I occasionally re-emphasize my sweet spot in two ways - I reduce the spin rocker radius, especially near the sweet spot, and I add a very slight convex direction change, that makes it even easier to feel. AFAIK, that direction change is
not incorporated into any factory blade shapes - AFAIK, it is my innovation. Think of it like the cusp at the bottom of the top - it provides a point to spin upon. Or like spinning barefoot on the ball of your foot, with the front of the foot bent upwards, just like it probably is inside your boot.
The very small amount of direction change I seek isn't really visible, and I can only feel it when I skate on it, not with my fingers, or only the ghost of a sensation.) You MIGHT be able to see it in the reflection of the blade, at just the right angle, but don't count of it. Too big a direction change might make it harder to stay on that point, so is counterproductive.
I do both things by placing the Pro-Filer with the back of the cylindrical stone at the spin rocker, and the front of the tool closer to the toe pick.

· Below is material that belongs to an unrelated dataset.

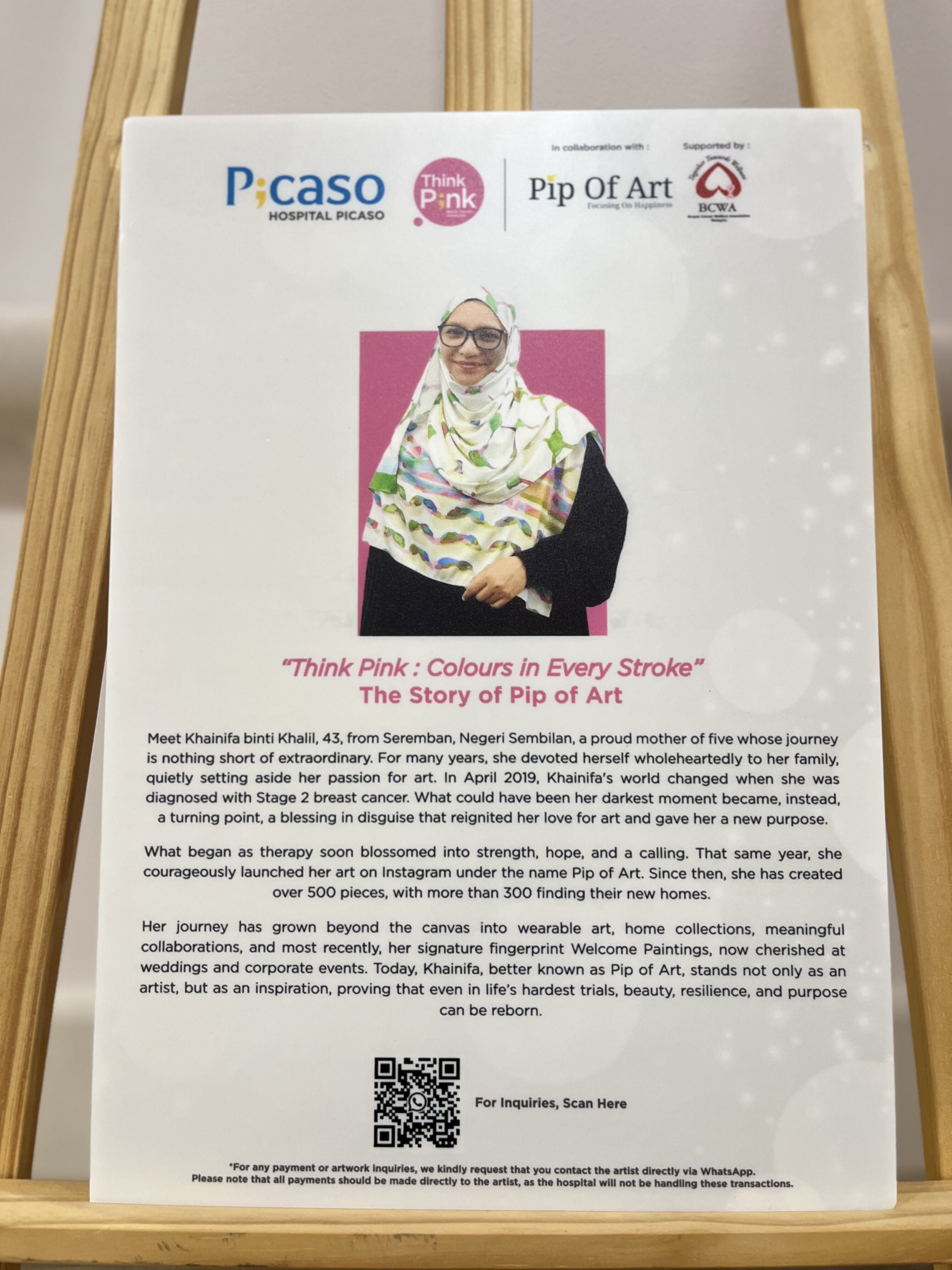 As part of our commitment to giving back, we have collaborated with Pip of The Art to bring a special initiative to life. Beautiful artworks are showcased on Level 2, near our Can-Care Centre. A portion of every piece sold will go towards supporting the Breast Cancer Welfare Association (BCWA), helping to fund their ongoing efforts in patient support and breast cancer awareness.

I push forwards towards the toe pick (I tape the toe pick, so I don't mess it up!), increasing the force as I go. Sometimes I tilt the Pro-Filer slightly forward, to get a stronger direction change. If there isn't enough space to place the entire Pro-Filer stone ahead of the sweet spot, you may have to use more tilt, so the back of the tool doesn't round off the sweet spot again.
Then I turn the Pro-Filer around 180 degrees, and do it again, because the Pro-Filer is an imperfect tool, and stroking it in the opposite direction evens out the length of the inside and outside edge.
Then I rotate the skate 180 degrees, and place the Pro-Filer so the back of the cylinder is at the sweet spot again, but the front is towards the back of the blade. And I do the same thing, stroking towards the back of the blade, increasing pressure as I go, and again with a tilt away from the sweet spot. And do the 180 degree exchange again.
As always, use a flat stone or equivalent to straighten and perhaps polish the edges, so they point vertically, rather than to one side.
Good luck. I bet these things PARTLY solve your problem. But, if your body is less sensitive to blade shape changes than it used to be, or your inner ear doesn't detect balance as well as it used to, or you have lost some of your fine motor control, or you have lost your muscle tone so your body flops around like a wet noodle, nothing can fix those things that I know of.
Many good professional sharpeners occasionally re-emphasize sweet spots, to make the curvature change sharp again. Some change the location of the sweet spot to better match the anatomy and preferred point of spin of the skater too. But I don't know if any of them also create a slight direction change there like I do.
As tstop4me says, you may eventually feel a need to shorten your toe pick. So it doesn't interfere too much. Say, in another 10 years?
By the way, if you brush your finger very lightly ACROSS the width of the blade rather than ALONG the length, you probably won't cut yourself, and can feel the edge much better. But I hesitate to tell that to kids, because they can be careless with their fingers. Even some adults don't understand what "very lightly" means. It works with knife edges too, even ceramic knife edges, and if you are super-super-careful, with razor blades. You can feel sharpness, and you can feel if the edge has been bent over.